## Problem description
The lines to extract run from the start of the records through the line with "[에이치플러스몰]꽃무늬 가슴셔링 민소매 여름 여행 시원한 블라우스", both ends included; drop the pictures.
::::::::
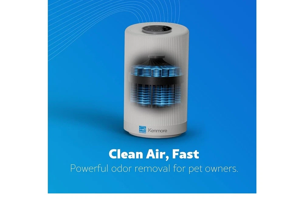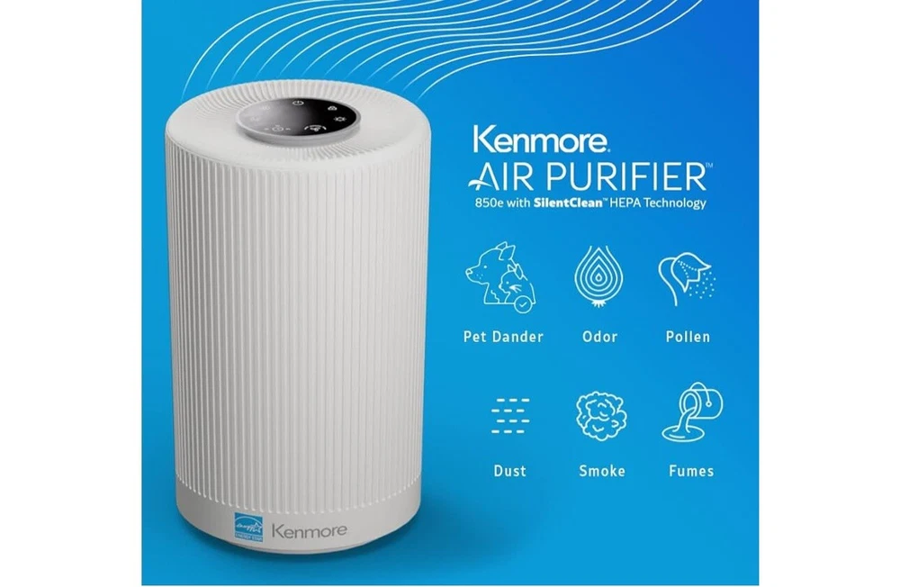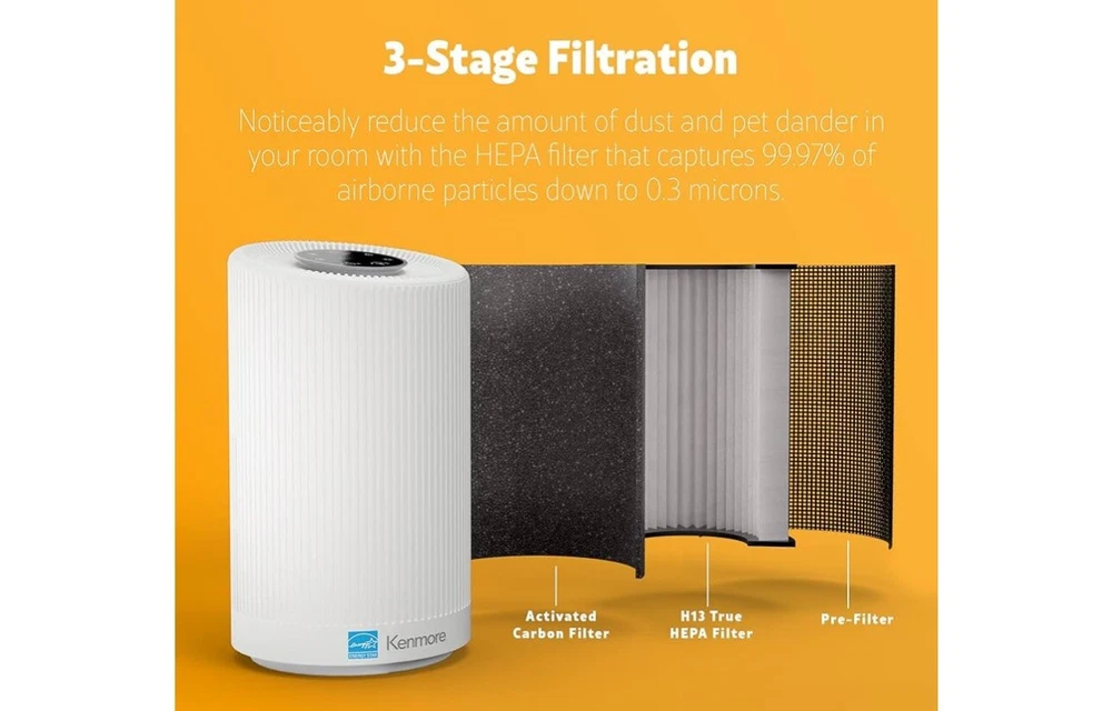 Keep the air in your home clean with the Kenmore PM1005 Air Purifier. This device features a True HEPA filter that covers up to 850 square feet and weighs only 5.8 pounds. The white color and sleek design make it a stylish addition to any home décor. The Kenmore brand is known for its quality products, and this air purifier is no exception. With its advanced filtration technology, it captures 99.97% of airborne particles, including allergens and dust mites. The package dimensions are 15.98x9.57x9.45 inches, making it easy to move around furniture or place in a larger room. Improve the air quality in your home with the Kenmore PM1005 Air Purifier.
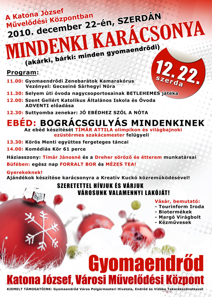 MINDENKI (akárki, bárki: minden gyomaendrődi) KARÁCSONYA
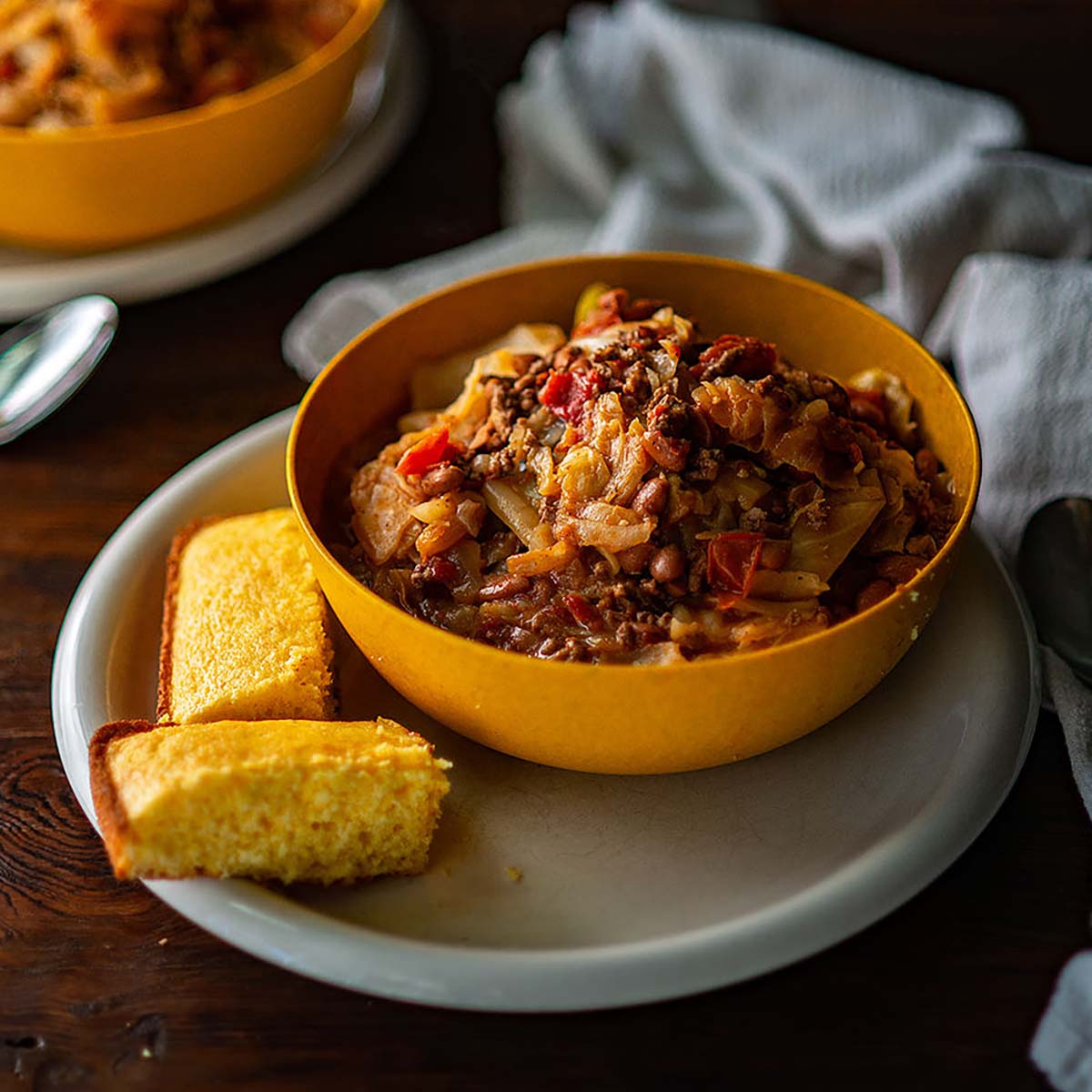 Cabbage and ground beef simmer together with beans to create a hearty stew full of flavor. The slow cooking brings out a rich taste and a satisfying texture that makes it a meal on its own.
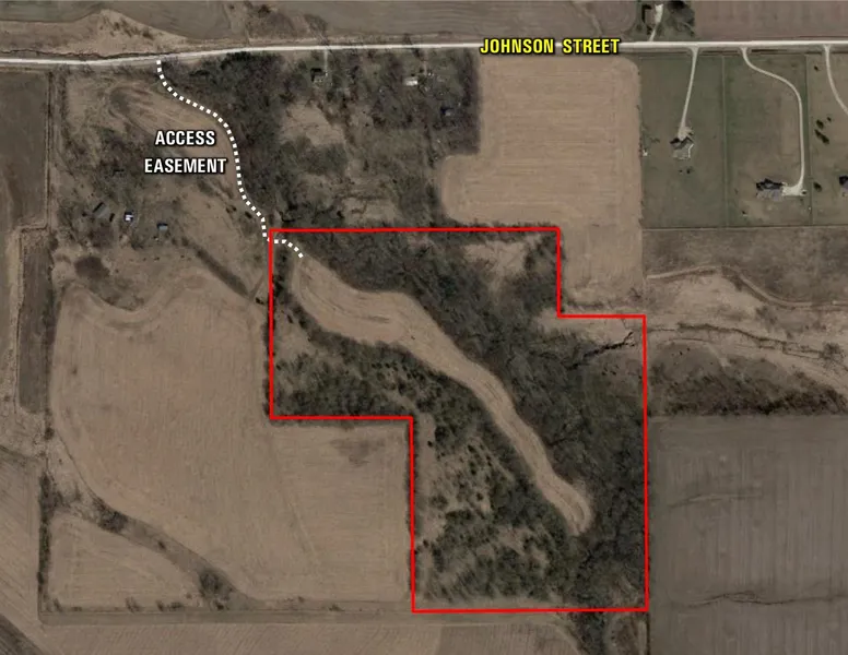 Offering 32 acres m/l of excellent recreational ground in Warren County. This property lies south of Martensdale and is only 20 minutes from West Des Moines. Farm consists of approximately 5.16 tillable acres carrying a CSR of 68.6 (CSR2 of 62.9). Balance of farm consists of thick brush with a creek running through the property. There is potential for building sites with rural water nearby. Call agent for details. This farm is full of large whitetail deer and wild turkeys, the proof is in the pictures. This property is part of a larger parcel and will be subject to survey prior to closing. Located 0.5 miles south of Hwy 92, the land is situated on the south side of Johnson St. This parcel will be accessed by an easement from Johnson St (see photos for approximate location of easement.)
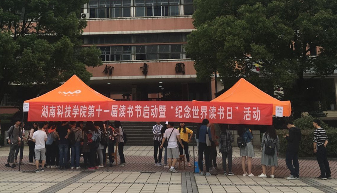 本网讯 4月24日,“第十一届读书节启动暨纪念世界读书日”活动在文化广场举行。本届图书节由图书馆、校学生会联合举办。
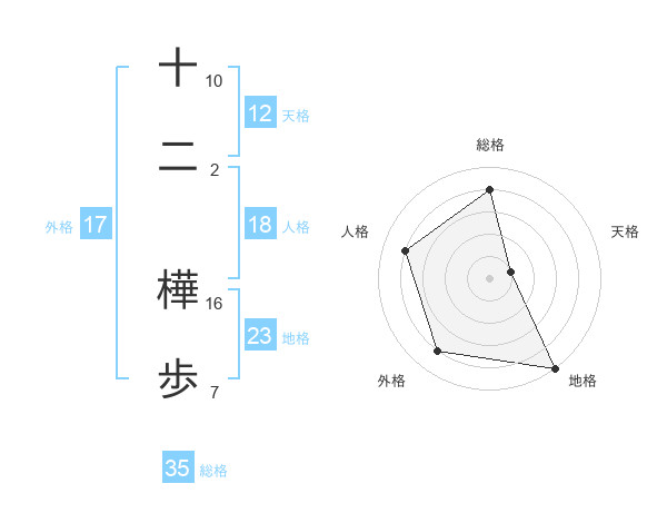 十二 樺歩さんの総格は35画の4点!
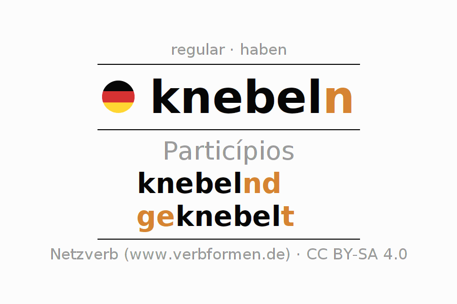 O verbo knebeln é totalmente conjugado em todas as pessoas e números no Particípio Presente Perfeito
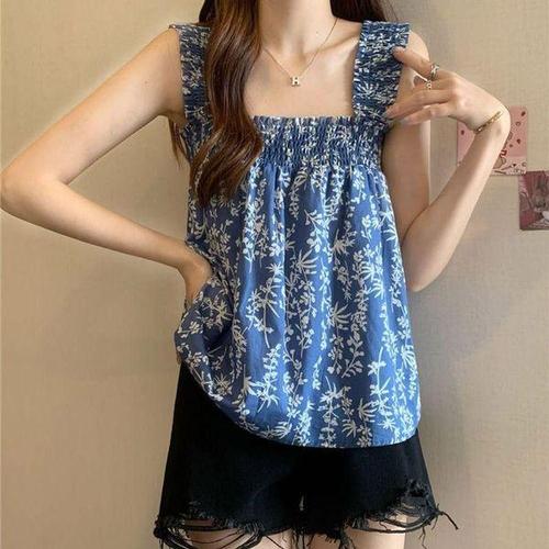 [에이치플러스몰]꽃무늬 가슴셔링 민소매 여름 여행 시원한 블라우스
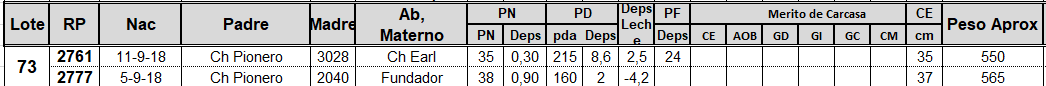 LOTE 73, TOROS PC Lote Anterior Volver al remate Lote Siguiente Información del Lote Animales del Lote Pedigree Ofertar Contacto Buenos Aires - San Andrés de Giles Información del Lote Identificador: #80765 Cantidad 2 Categoría Toros PC Raza Angus Negro Provincia Buenos Aires Ubicación San Andrés de Giles Plazo Consultar Buenos Aires - San Andrés de Giles Ofertar Aún no tiene ofertas Animales: 2761 2777 Plazo: Contado 7 y 14 días 15 días 30 y 60 del remate 20 días 21 dias 30 del remate 30 días 30 y 45 dias 40 días 25 días del remate 45 días 30 y 60 días 25 y 55 días 0, 30 y 60 días 25 días 55 días 60 días 60, 90 y 120 días 30, 60 y 90 días 70 días 60 y 90 días 35 y 65 días 30 y 50 días 25 y 40 días 30 y 40 días 90 días 50 y 100 días 120 días 60 días del remate 30 y 45 Días del Remate 30 y 45 Días 20/50 y 80 días 30 días del remate 30 y 60 días del remate 30, 60 y 90 días del remate 30 y 45 Días 50 y 80 días 20 y 50 días 45 Días del Remate 17 días 15 - 50 días 28 días 30-60-90 O 60 25-55-85 25-45 días 18 días Desde el Remate 150 días 180 días 25, 55 y 85 días 30, 60, 90, 120 y 150 días 30, 60, 90 y 120 días 0, 30, 60 y 90 dias 20, 40 y 60 días 6 Cuotas Otro Consultar Su Oferta en $: − + Step: -5.000,00 / +5.000,00 Programar puja hasta: Programar puja hasta Aumentar puja programada 145000 235000 **Oferta al bulto Iniciar sesión para ofertar Ofertar Listado de preofertas $ Fecha/Hora Estado Este lote aún no tiene preofertas. 38 Visualizaciones ClicData Animales del Lote RP 2761 2777 PRECIO BASE 0.00 0.00 RP 2761 PRECIO BASE 0.00 RP 2777 PRECIO BASE 0.00 Pedigree Contacto Comercial a cargo: Pestalardo Empresa: GANADERA AZUL SRL Nombre*: E-mail* : Mensaje Enviar Registrese gratis Este contenido Exclusivo está disponible sólo para usuarios registrados Ingresar
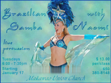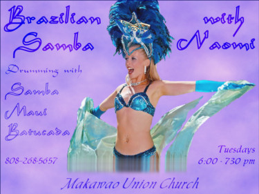 Brazilian Samba Flyer #3 : January 2006 A second location was added to the class schedule where a live percussion band would be accompianing the dancers. The layout and information was adjusted. |
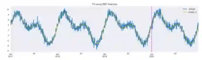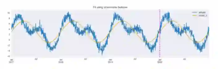 图 5:使用正弦/余弦变换拟合。垂直线将训练集和测试集分开。
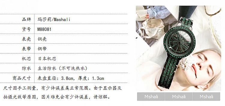 Marca: Mashali 玛莎莉 Introducción: Popular Marsali_giratorio, esfera giratoria única, diamante verde especial, combinación súper hermosa sin duda [ Reloj de Moda ] Los diamantes giratorios siempre han sido un estilo superventas, correa de cobre macizo, chapado IPG al vacío, movimiento japonés importado, diamantes reales AAA brillantes añaden un ambiente noble al reloj. Modelo: 88081 Material: Caja de cobre, brazalete de cobre Diámetro: 3.8CM, Grosor: 1.3CM{{{{{{{{{{
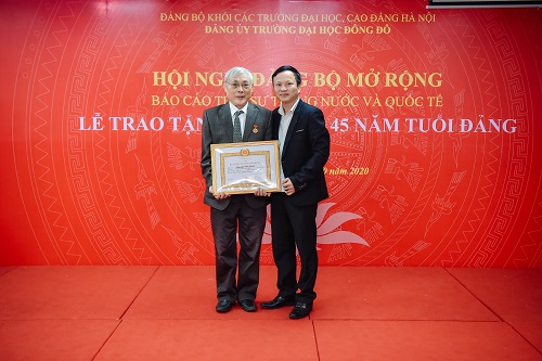 Ngày 1/10, Đảng bộ Trường Đại học Đông Đô long trọng tổ chức Lễ trao tặng Huy hiệu 45 năm tuổi Đảng cho đảng viên Nguyễn Văn Xuất trực thuộc Chi bộ 5, Đảng bộ Trường.
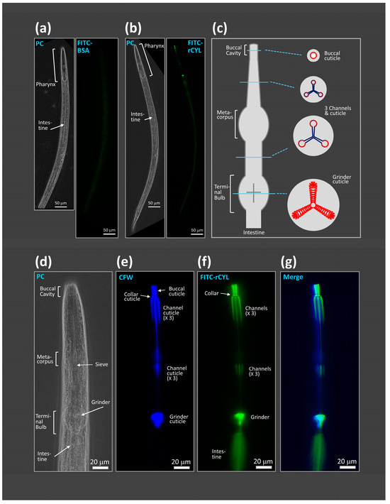 In an attempt to identify the target sites of rCYL in C. elegans and D. melanogaster, rCYL was labeled with fluorescein isothiocyanate (FITC), referred to here as FITC-rCYL. FITC-rCYL exhibited the same antifungal activity as that of rCYL against Aspergillus nidulans [27]. FITC-labeled BSA (FITC-BSA), as a control, was commercially obtained. Figure 3a shows that the nematode fed on medium containing 0.2 mg/mL FITC-BSA exhibited a faint fluorescent signal along the intestine. Figure 3b shows that the nematode fed on medium containing 0.2 mg/mL (31 µM) FITC-rCYL exhibited intense fluorescent signals along the pharynx “https://www.wormatlas.org/hermaphrodite/pharynx/mainframe.htm (accessed on 26 February 2025)”, in addition to a faint signal along the intestine. The pharynx is a muscular feeding organ that begins at the buccal cavity and terminates posteriorly at the terminal bulb (Figure 3c) [31]. Pharyngeal contractions cause the posterior movement of alimentary contents towards the intestine, and the grinder ruptures the contents during feeding [32]. The pharynx is lined with cuticle (Figure 3c) [33,34]. Although the chemical composition of the pharyngeal cuticle remains poorly defined, it contains a chitin–chitosan matrix, proteoglycans, and amyloidogenic proteins [34,35,36,37,38]. Figure 3d,e show the staining pattern of Calcofluor white (CFW), which has been used as a chitin probe in many biological systems and was reported to specifically stain the pharyngeal cuticle in nematodes [38]. Figure 3f,g show that FITC-rCYL localized at the pharyngeal cuticle of the nematode, which was stained with CFW.
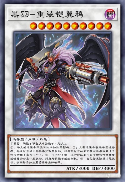 而说到黑羽,自然也少不了全抗大哥重装形态的铠翼鸦。重装铠翼鸦不受其他卡的效果影响,正好可以规避仟年十字弹回怪兽卡的效果。
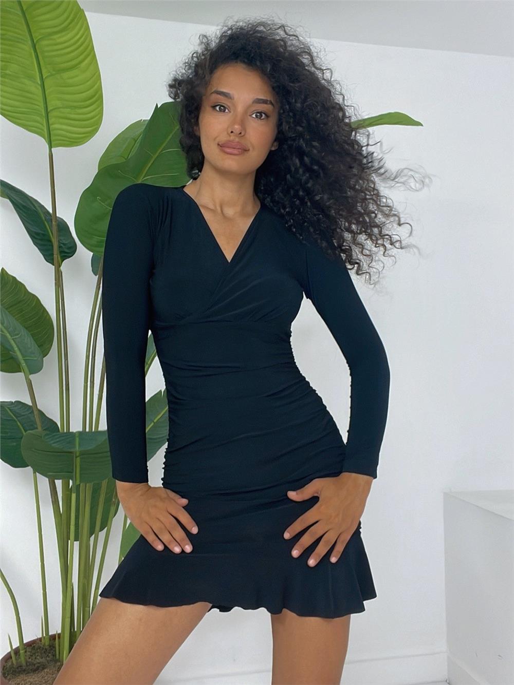 Sandy Mini Dress with Elastic Sides and Flounce Skirt -Black (246-3625-R01)
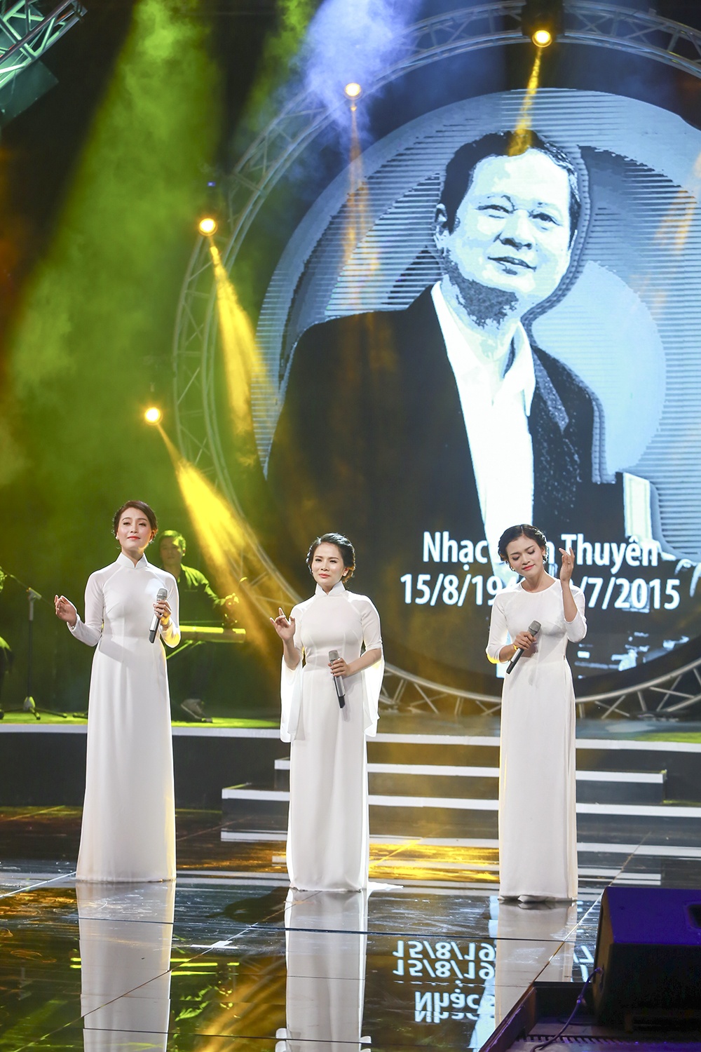 | Ba ca sĩ Phương Thảo, Thành Lê, Huyền Trang thể hiện ca khúc Ca dao em và tôi để tưởng nhớ nhạc sĩ An Thuyên - người mới qua đời cách đây không lâu. |
::::::::
## Response below
 Keep the air in your home clean with the Kenmore PM1005 Air Purifier. This device features a True HEPA filter that covers up to 850 square feet and weighs only 5.8 pounds. The white color and sleek design make it a stylish addition to any home décor. The Kenmore brand is known for its quality products, and this air purifier is no exception. With its advanced filtration technology, it captures 99.97% of airborne particles, including allergens and dust mites. The package dimensions are 15.98x9.57x9.45 inches, making it easy to move around furniture or place in a larger room. Improve the air quality in your home with the Kenmore PM1005 Air Purifier.
 MINDENKI (akárki, bárki: minden gyomaendrődi) KARÁCSONYA
 Cabbage and ground beef simmer together with beans to create a hearty stew full of flavor. The slow cooking brings out a rich taste and a satisfying texture that makes it a meal on its own.
 Offering 32 acres m/l of excellent recreational ground in Warren County. This property lies south of Martensdale and is only 20 minutes from West Des Moines. Farm consists of approximately 5.16 tillable acres carrying a CSR of 68.6 (CSR2 of 62.9). Balance of farm consists of thick brush with a creek running through the property. There is potential for building sites with rural water nearby. Call agent for details. This farm is full of large whitetail deer and wild turkeys, the proof is in the pictures. This property is part of a larger parcel and will be subject to survey prior to closing. Located 0.5 miles south of Hwy 92, the land is situated on the south side of Johnson St. This parcel will be accessed by an easement from Johnson St (see photos for approximate location of easement.)
 本网讯 4月24日,“第十一届读书节启动暨纪念世界读书日”活动在文化广场举行。本届图书节由图书馆、校学生会联合举办。
 十二 樺歩さんの総格は35画の4点!
 O verbo knebeln é totalmente conjugado em todas as pessoas e números no Particípio Presente Perfeito
 [에이치플러스몰]꽃무늬 가슴셔링 민소매 여름 여행 시원한 블라우스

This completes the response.